Il card. Roche ha indicato la luna, cioè che l’omelia è strettamente collegata alla natura del ministero ordinato, ma l’associazione femminista cattolica sembra concentrarsi sul dito.
Sul tema è intervenuto criticamente anche il gruppo “Noi siamo Chiesa”, i cui fondatori sono stati scomunicati da Papa Francesco dopo aver celebrato Messa in casa loro senza la presenza di sacerdoti.
Dalla Spagna è invece arrivato il prevedibile commento di Guillermo Jesús Kowalski.
Su “Religión Digital”, il Il teologo argentino si è inerpicato nell’osservare la non appartenenza di Gesù alla casta sacerdotale ebraica del Tempio di Gerusalemme per osservare che «lo stesso Gesù allora non potrebbe predicare nelle nostre attuali Messe».
Sulla stessa fonte è stato più interessante leggere José Carlos Enríquez Díaz, per il quale in molte situazioni la posizione del Dicastero contrasta con la realtà perché «non c’è nessuno che predichi regolarmente, che accompagni percorsi e che mantenga una presenza liturgica stabile».
Il giornalista Enríquez Díaz sottolinea anche una contraddizione tra la risposta del Vaticano e la richiesta di maggior sinodalità e partecipazione dei laici alla vita della Chiesa.
Risposte positive
Un’eccezione positiva è stato invece il commento di Christian Bauer, docente di Teologia pastorale all’Università di Münster.
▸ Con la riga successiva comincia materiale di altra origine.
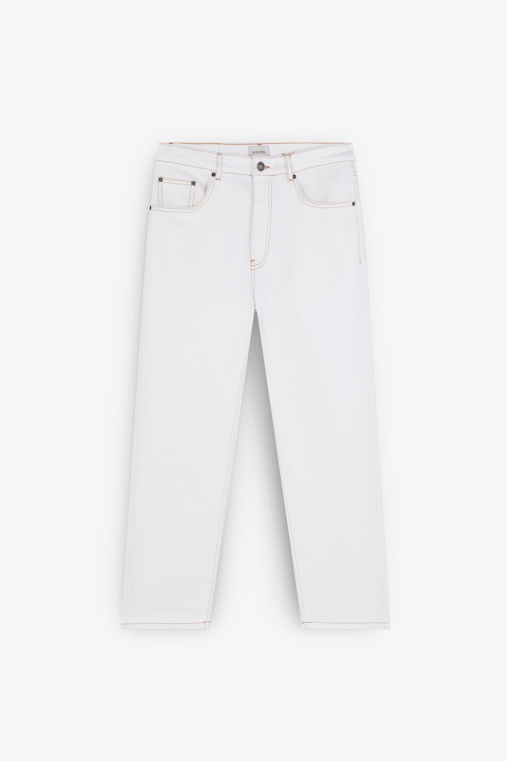 Jeans aus Baumwollmischgewebe. Cropped-Länge, Seiten- und Gesäßtaschen und Verschluss durch Reißverschluss mit Knopf. Gürtelschlaufen am Taillenbund.

Pur manifestando delusione per un rifiuto che lascia intatto «il clericalismo radicato» della Chiesa, Bauer chiede di «ascoltare Roma» e, «in incrollabile comunione con la Chiesa universale, scegliere una strada diversa e confidare nello spirito creativo di Dio».
In Italia, la posizione “più critica” è arrivata da Andrea Grillo, docente di Teologia dei sacramenti presso il Pontificio Ateneo S. Anselmo.
Il teologo ha ritenuto «saggia» la decisione del Dicastero, ma ha respinto le motivazioni utilizzate.
Sostiene infatti che la predicazione dell’omelia ai sacerdoti sia legata al clericalismo, piuttosto a «un atto di presenzialismo».
Cioè è riservata solo a chi presiede la Liturgia, il ministro celebrante, l’unico che ha «la competenza fattuale per compiere» la sintesi tra «lo Spirito che parla nella parola proclamata e lo Spirito che parla nelle vite del corpo di Cristo ecclesiale».
Quindi l’omelia, ha concluso il teologo italiano, non va ridotta semplicemente «a commento della Parola o a testimonianza di vita». Cose che possono fare anche i laici. Grillo ha anche criticato anche il comunicato del Vaticano per aver usato, a suo dire, «argomenti non cogenti e per certi versi fuorvianti» pur difendendo qualcosa di giusto.

Germania, il Cammino sinodale si incrina: ora più fedeltà a Roma
(22/05/2026)
Recentemente ci sono state da parte della leadership della Conferenza episcopale tedesca delle dichiarazioni di voler procedere con maggiore “fedeltà a Roma”.
Ci auguriamo che, pur nel legittimo disaccordo, il pronunciamento romano non venga considerato una semplice una tappa intermedia da aggirare o superare.